3. A voice synthesizing method according to claim 1 , wherein the speech style further includes foreign languages; and
the step of selecting prosody data selects a stereotypical sentence in said foreign languages, which is different from the language of the voice-contents, when the foreign language is selected as the speech style.
4. A voice synthesizer according to claim 1 , further comprising:
a step of determining a word to be inserted in a replaceable part in the stereotypical sentences and calculates a prosody data of the word; and
synthesizes the voice signal by inserting the prosody data of the input word to the replaceable part in the stereotypical sentences.
5. A voice synthesizer according to claim 1 , wherein the voice-contents is selected by selecting a voice-content identifier identifying voice contents.

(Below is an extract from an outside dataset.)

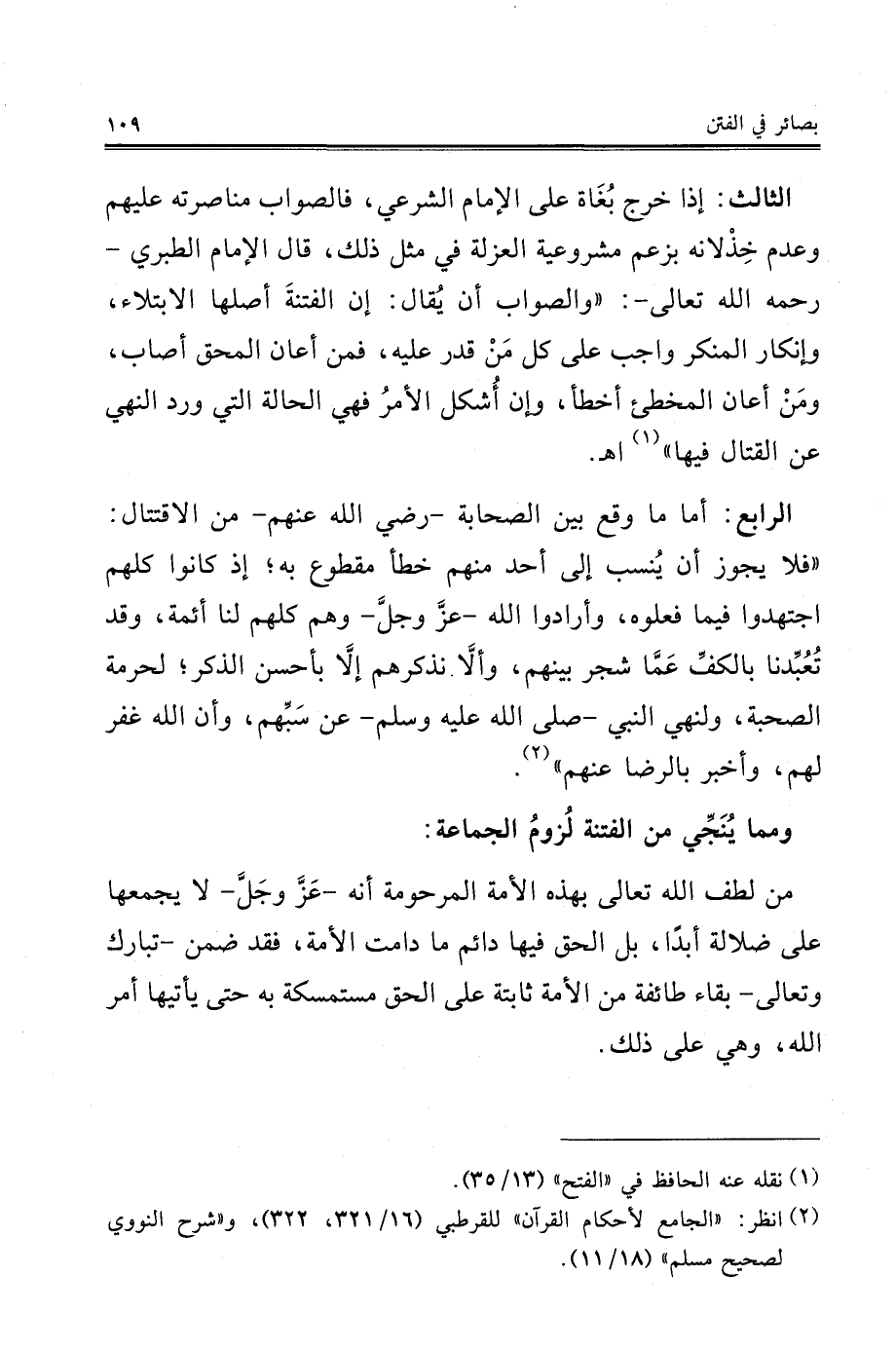 ومما يُنَجِّي من الفتنة لُزومُ الجماعة:

6. A voice synthesizer, comprising:
a memory for storing a speech style dictionary in which speech-style information that specifies a speech style for a voice to be synthesized and prosody data of a plurality of stereotypical sentences each of which corresponds to predetermined voice contents and which is in the same language as the voice-contents are associated with each other;
pointing means for pointing to one said predetermined voice-contents and one said speech style of a voice to be synthesized at a time of voice synthesis; and
said voice synthesizing part selecting said prosody data of the stereotypical sentence which corresponds to the pointed voice-contents and the pointed speech style from said speech style dictionary and converting said prosody data to a voice signal.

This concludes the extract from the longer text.